◆ Dataset ◆
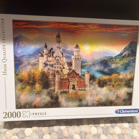Puslespill som er lagt én til tre ganger. Ingen brikker mangler.
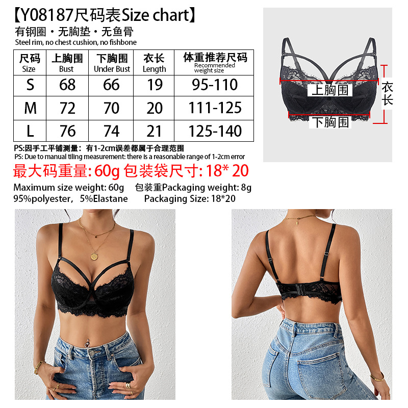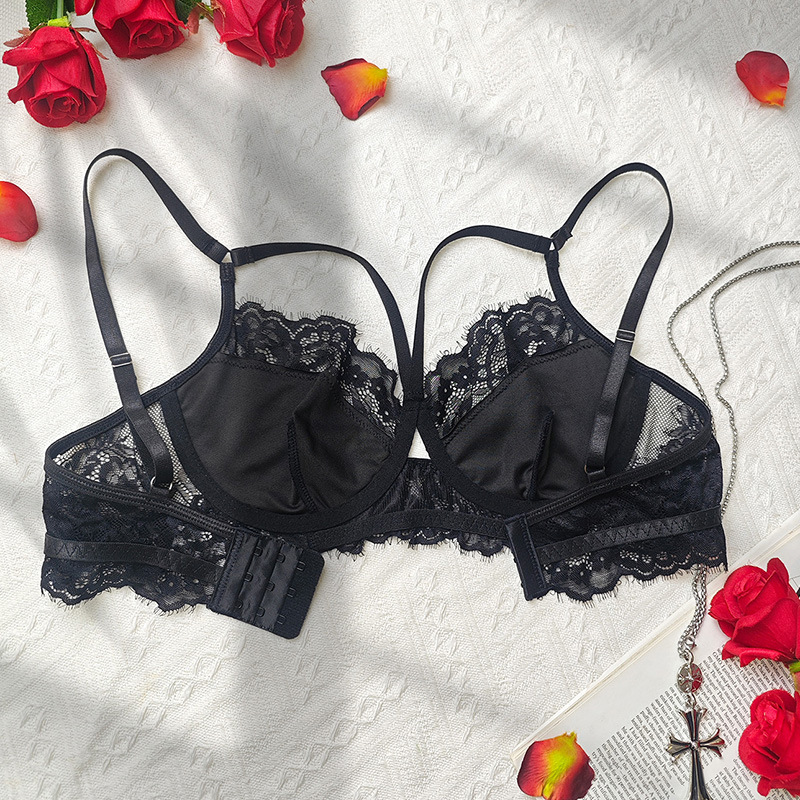 Ropa interior de encaje sexy de comercio exterior europeo y americano, anillo de acero de encaje ultrafino y transpirable, sujetador de chica caliente hueco, ropa interior tipo chaleco
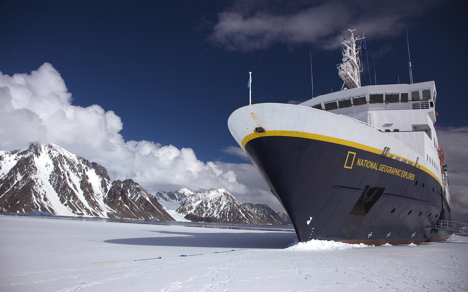 Description: A large boat is sitting in the snow near mountains and clouds in the sky.
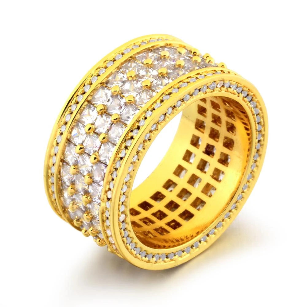 Triple Row Princess Cut Eternity Band Gold Mens CZ Bling Ring
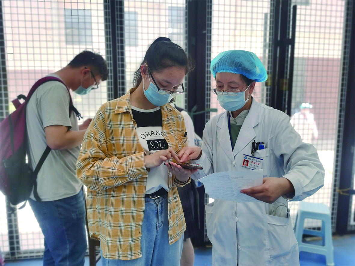 哪里有困难,哪里就有共产党员的身影。校医院医疗主任王淑珍作为一名老党员,一直坚守在疫情防控这场战役中,她说:“自疫情暴发以来,我们舍小家、顾大家,通过平日研学党史,更深知我们党今天的成果来之不易,我们会将学习党史的成效落实在日常工作中,积极做好本职工作,向建党100周年献礼。”谈及如何统筹教职工体检、毕业生体检和疫苗接种工作时,她说:“针对教职工体检工作,特别是行动不便的退休人员,我们会上门进行宣传、体检,让他们感受到学校的关爱;针对5月24日-5月30日的毕业生体检工作,我们每天1100余人次的工作量不退缩,对待有特殊情况的同学,开设绿色通道;针对疫苗接种工作,我们更是积极响应部署,完成场地布局、设施设备到位、通道设置、人员培训,保障工作有序运转。”
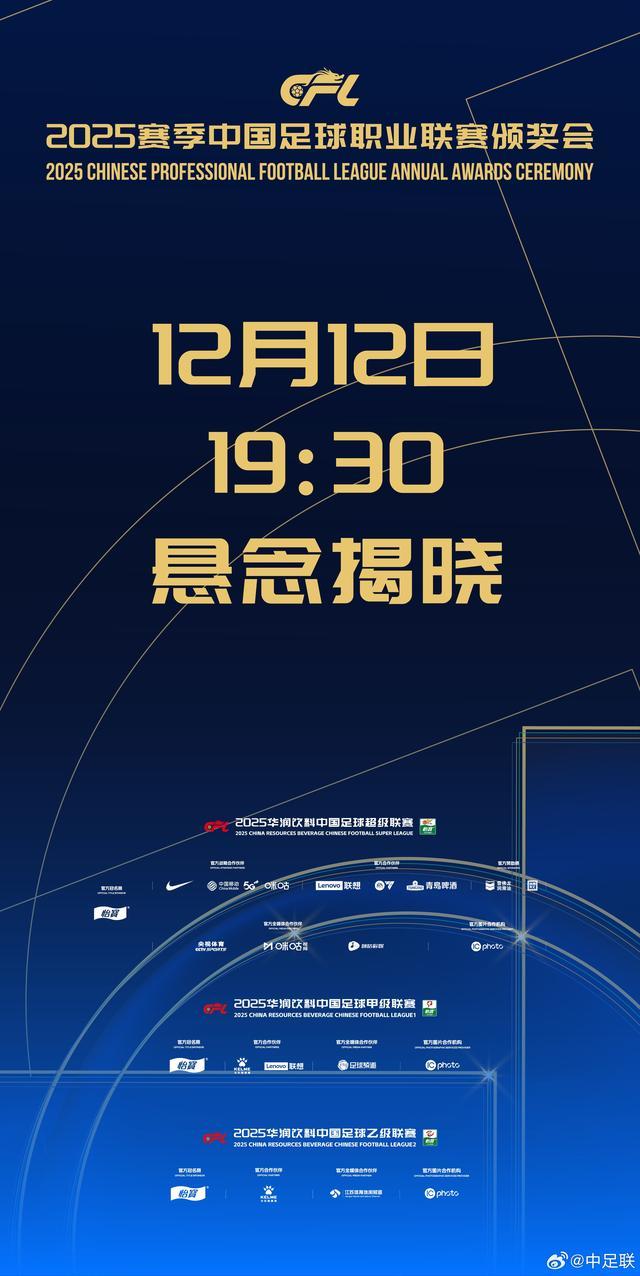 北京时间12月11日,据中足联官方消息,2025赛季中国足球职业联赛颁奖会将于12月12日晚举行。
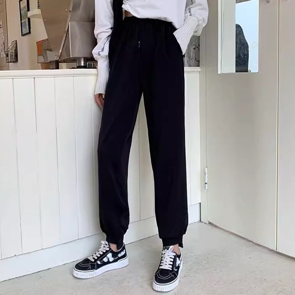 薄手 ウエストゴム ロングパンツ 体型カバー ゆったり 韓国ファッション カジュアルパンツ ハイウエスト ジョガーパンツ
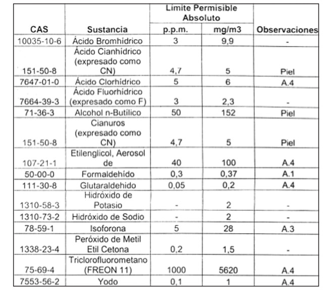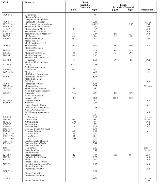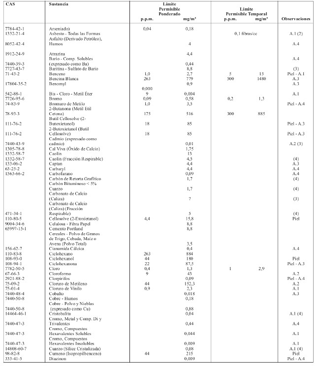 11.- Reemplácese la tabla relativa a los Límites Permisibles Absolutos, contenida en el artículo 61, por la siguiente:

◆ What is needed ◆
Return, exactly as they stand, the lines from the opening line of the listing through the line with "Triple Row Princess", both ends counted, and no pictures.

◆ Response to the task ◆
Puslespill som er lagt én til tre ganger. Ingen brikker mangler.
 Ropa interior de encaje sexy de comercio exterior europeo y americano, anillo de acero de encaje ultrafino y transpirable, sujetador de chica caliente hueco, ropa interior tipo chaleco
 Description: A large boat is sitting in the snow near mountains and clouds in the sky.
 Triple Row Princess Cut Eternity Band Gold Mens CZ Bling Ring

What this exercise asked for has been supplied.